Let's step into his age group and back in time....
Many states had drinking laws which permitted beer and wine consumption at 18, and eighteen year-olds could vote. The idea was that if you were old enough to hump a ruck and carry a rifle in a far off rice paddy or jungle, or drive a tank, or fly a helicopter, you could have a beer when you got home. Because of that awareness, though, of life and death having recently been poured into your living room with the evening news, and with the confrontation of the very real prospects not so long ago of your number coming up in the draft lottery, with all that implied for people in that age group, I think we were looking at a more mature group of teenagers. Even after the lottery stopped, seeing older siblings sweat the draft or decide whether to enlist or waiting for them to come home still stuck with their younger kin. It was, for many, a more sober time.
I know the work we did, just in our summer jobs was a 'man's work', not limited by all the protectionist laws of today that restrict who can run a deep fryer. Many of us, too young to be in the service, were instead involved in Volunteer Fire Departments and Rescue Squads, not as 'junior members', but as firefighters and EMS. There were 96 students in my High School graduating class and members of five different fire departments in the class, for instance.

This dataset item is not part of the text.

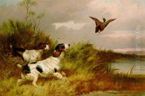 Two Setters Flushing A Pheasant

We had worked to stabilize and extricate quite a few accident victims by our 18th birthday, some of whom were friends. Some, through no fault of ours just did not make it despite the new SOP of stabilizing the worst traumas and flying them out by helicopter from the scene to ShockTrauma at Johns Hopkins. Four miles of one highway in our first-due area killed an average of twenty people every six months. Every High School yearbook had its memorial pages for those who died in car accidents or got wrapped up in a piece of farm machinery or who had to be fished out after a boating accident. Life was dangerous and we knew it, and we didn't run around shooting at each other or do hard drugs.
By 1977, all the Mary Janes had sent their Dear Johns out years ago and hooked up with some 4F or feather merchant or college deferment (hippie?) while 'that guy' was off wherever the Army sent him. Some even waited for their guy to come home, and some of them couldn't deal with how service had changed him, often with his inability to find things they thought to be earth shaking as irrelevant or ridiculously superficial. A small percentage of them got married and raised families according to the original plan.
Some of the guys who had gone overseas courtesy of Uncle Sam were back home going to college on the GI Bill, and (gadzooks!) dating young ladies in their teens (17-18-19 year-olds being in college). Not a few were only in their mid twenties, but they hadn't gone to West Point, either. There were grad students in college dating underclassmen as well. Tut-tut!
Robbing the cradle! What's the difference between a Law Student and a Lawyer? A few tests and final grades; a sheepskin and a paycheck.
Those who tried to wait, tried to get back together, and could not make things work found someone else, but usually years before a guy going into law school graduated. After all, Moore had West Point (4 years), two tours in the Army (six more), Law School (three more years) before he was back in the community.
Some had married and were raising their families, and not available--at least to any man who respects the sanctity of marriage. Divorcees (and there were likely a few around) had the basic social stigma of divorce around them (there still was that, then), but also often had 'issues' and deep resentments left over from a failed marriage, regardless of the cause of the failure. Between the Pill, 'free love', no-fault divorce, and the ERA, the environment for a man seeking to start a family got fairly toxic in that time period. A radio overflowing with cheating heart songs and 'love the one you're with' rock and roll didn't help, either.
Why the great insistence he prospect for a mate in the minefield of his age group instead of look into the (legal) young ladies in his community? This was a different America, not today.